Sempra Energy officials highlighted transmission investment opportunities in Mexico starting in 2016, including some cross-border transmission lines in a plan from the Ministry of Energy in Mexico, during the company’s Nov. 3 conference call on 3Q15 earnings.
Debra Reed, chairman and CEO, also mentioned that the new 50 percent renewable portfolio standard in California would require both natural gas and power infrastructure investments to meet the needs of a changing generation landscape. “We will have to make investments to integrate additional renewables” under the revised RPS, Reed said during the call.
The new RPS law calls for California to increase its use of renewable resources from the current 33 percent level to 50 percent by the end of 2030. On Oct. 28, Tony Earley, chairman, president and CEO of PG&E Corp. asserted that the higher RPS in California should create transmission investment opportunities in the state.
South of the border, Reed said “we see a wealth of opportunities in Mexico” that Sempra’s Mexican unit IEnova and other businesses will seek to develop. Those include liquids pipelines in association with Pemex and power transmission and generation plans from the Comision Federal de Electricidad.
Market rules for transmission investment are being finalized and are expected to be open for competing proposals within the first half of 2016, Reed said, adding “we’re very interested in participating in that market.”
The Ministry of Energy’s long-term plan for the development of a national electric system includes where power plants and transmission lines are being planned for different regions of Mexico, Sempra said in its slide presentations accompanying its 3Q15 earnings report.
The plan lists nine transmission line projects, including three along the U.S.-Mexico border, an interconnection of the Baja grid to the Mexican National grid in the state of Sonora in 2019 and a high-voltage, direct-current line of 600 km that would connect renewable energy projects in Oaxaca to central Mexico, according to the presentation.
Addressing questions on Sempra and IEnova competing with other firms to build such projects, Reed said “we have some outstanding experience building major transmission projects in difficult areas.” She also mentioned that Sempra has worked with CFE on other projects, and it may be able to use some shared rights-of-way on pipeline or infrastructure projects it already owns.
“We should be in very good standing to be competitive in that market,” added Sempra President Mark Snell, who noted that the company has experience developing transmission projects in Chile and Peru, so working outside the U.S. is not as daunting compared with other companies lacking such experience.
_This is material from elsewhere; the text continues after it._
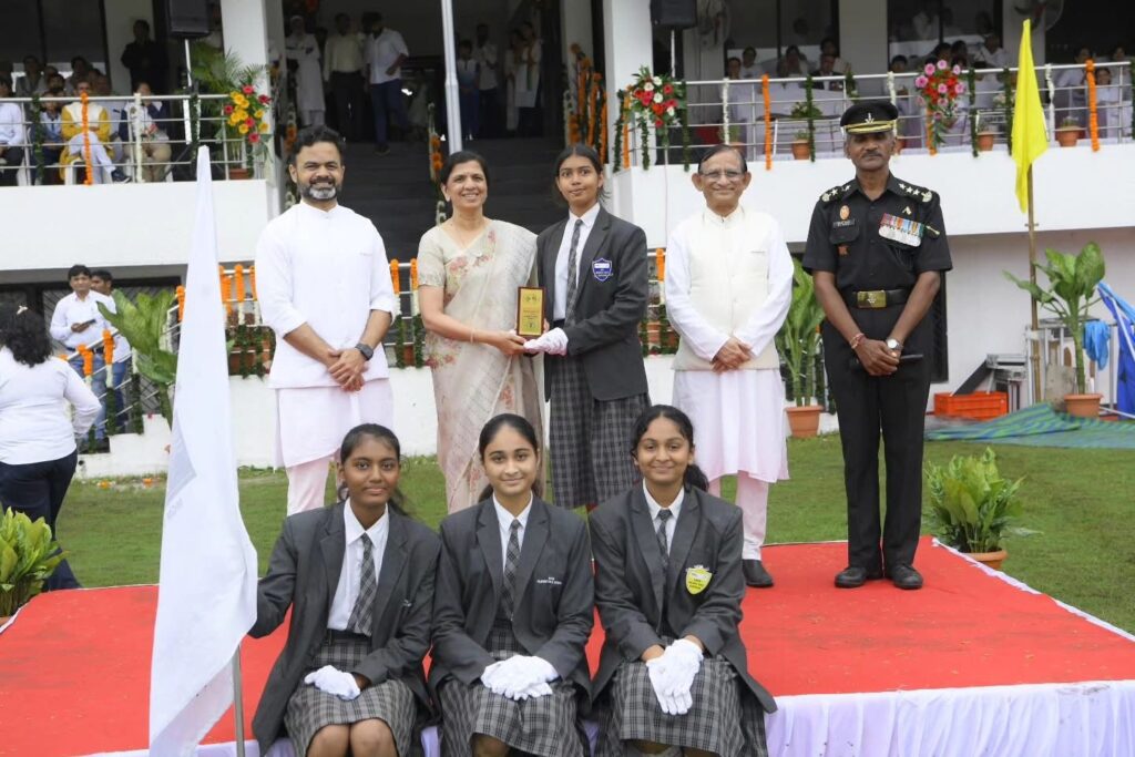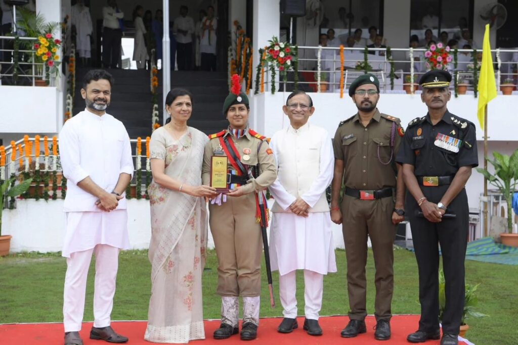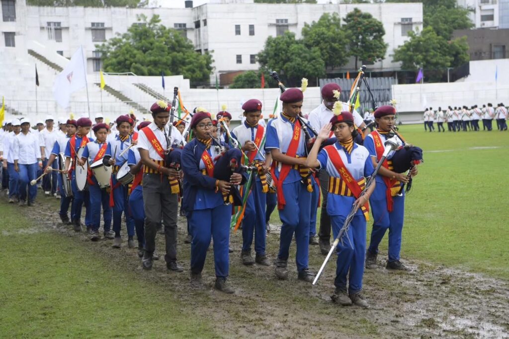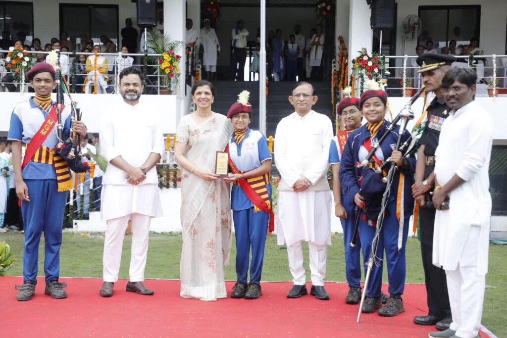 The Indian Independence Day was celebrated with great enthusiasm at MGM Stadium. The national flag was hoisted by Mrs. Nisha Jain, Director of Anubhuti International School, followed by her address. A parade and cultural programs marked the occasion, with the best contingent receiving an award. The event was graced by Shri Ankushrao Kadam, Mrs. Anuradha Tai Kadam, Dr. Vilas Sapkal, along with Directors, Principals, faculty, staff, and students of MGM Schools.
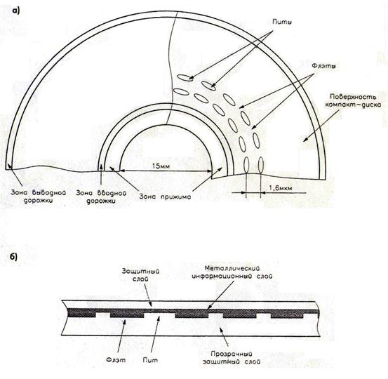 В середине диска (рис. 4.9а) находятся отверстие диаметром 15 мм и зона прижима диаметром 33 мм вокруг него, необходимые для установки диска в устройство привода. Информационная поверхность компакт-диска располагается между зонами вводной (нулевой) дорожки диаметром 46-50 мм и выводной (внешней) дорожки диаметром 116-117 мм.

Sempra officials and the 3Q15 earnings materials did not include any dollar figures for the transmission investment projects in Mexico.
The Ministry of Energy plan also schedules the decommissioning of old diesel and fuel oil generation facilities in Mexicali, Ensenada and Rosarito – with 649 MW in total from 2015 to 2025, according to the presentation.
In its Nov. 3 statement on earnings, Sempra reported earnings of $248 million, or 99 cents per share, in 3Q15, compared with $348 million, or $1.39 per share, in the same period last year.
For the first nine months of 2015, Sempra’s earnings were $980 million, or $3.91 per share, compared with $864 million, or $3.45 per share, in the first nine months of 2014.
Sempra mentioned that in September, utilities Southern California Gas and San Diego Gas & Electric filed multi-party settlements in their general rate cases for 2016 to 2018 with the California Public Utilities Commission. The company expects the CPUC to issue a draft decision in the first three months of 2016.